Flow cytometry analysis
To detect HPV16 E7-specific CD8+ T cell responses by IFN-γ intracellular staining, splenocytes from vaccinated HLA-A2 (AAD) transgenic mice were harvested 12 days after last vaccination with CRT/E7 or CRT/E7(N53S) and stimulated with either HPV16 E7 overlapping peptides (15mer with 10aa overlap) (5 μg/ml) or HPV16 E7 short peptides (HPV16 E7aa11-20, E7aa49-57, E7aa82-90 and E7aa86-93 peptides) [26] (1 µg/ml) at the presence of GolgiPlug (BD Pharmingen, San Diego, CA) at 37 °C overnight. The stimulated splenocytes were stained PE anti-mouse CD8a (BD Biosciences, Cat. #561,095) followed by fixation and permeabilization using the Cytofix/Cytoperm kit according to the manufacturer’s instruction (eBioscience, San Diego, CA). Intracellular IFN-γ was stained with FITC anti-mouse IFN-γ (Biolegend, Cat. # 505806). The cells were acquired with FACSCalibur flow cytometer and data were analyzed with CellQuest Pro software.

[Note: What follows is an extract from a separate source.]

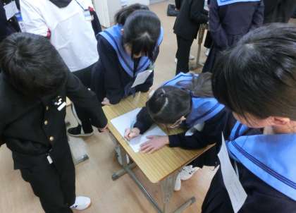 12月5日(木)の5,6限に中央聴覚支援学校に訪問して交流会を行いました。レクリエーションで喋ったり、指文字を使わずに名前順で並んでみたり、絵しりとり、共通点探しなど、たくさんのレクリエーションで交流ができました。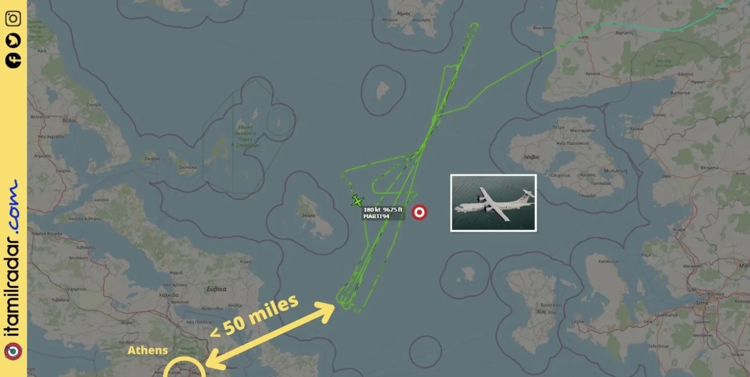 Το ATR P-72 MPA του Τουρκικού πολεμικού ναυτικού σε λιγώτερο από 50 μίλια απόσταση από την Αθήνα.

For the HPV16 E7 tetramer staining, PBMCs were collected from submandibular vein of mice cheeks and collected in EDTA-containing eppendorf tubes. Red blood cell lysis buffer, ACK lysing buffer (Quality Biological, Gaithersburg, MD, USA), was added to the blood sample to lysis red blood cells, then washed with a FACS washing buffer containing phosphate-buffered saline (PBS) with 0.5% bovine serum albumin (BSA). Zombie Aqua live/dead (BioLegend Inc., Cat. #423102) was used for dead cell exclusion. Following Fc blocking, cells were stained with FITC-conjugated anti-mouse CD8 (Biolegend, Cat. # 100712), PE-conjugated H-2Db tetramer loaded with HPV16-E7 aa49–57 peptide or PE-conjugated HLA-A2 tetramer loaded with HPV16-E7 aa11–20 peptide (provided by NIH Tetramer Core Facility). The stained cells were washed with FASC washing buffer, and followed by FACS analysis. To gate the E7-specific T cells, single cells were gated by side scatter wide and side scatter area. Subsequently, live cells were gated by side scatter area and live/dead negative population. Live lymphocytes were gated by side scatter area and forward scatter area. Next, E7-specific CD8 + T cells were gated by CD8 and E7-tetramer double positive cells. The PBMCs from unvaccinated mice were used to determine the tetramer-negative cells.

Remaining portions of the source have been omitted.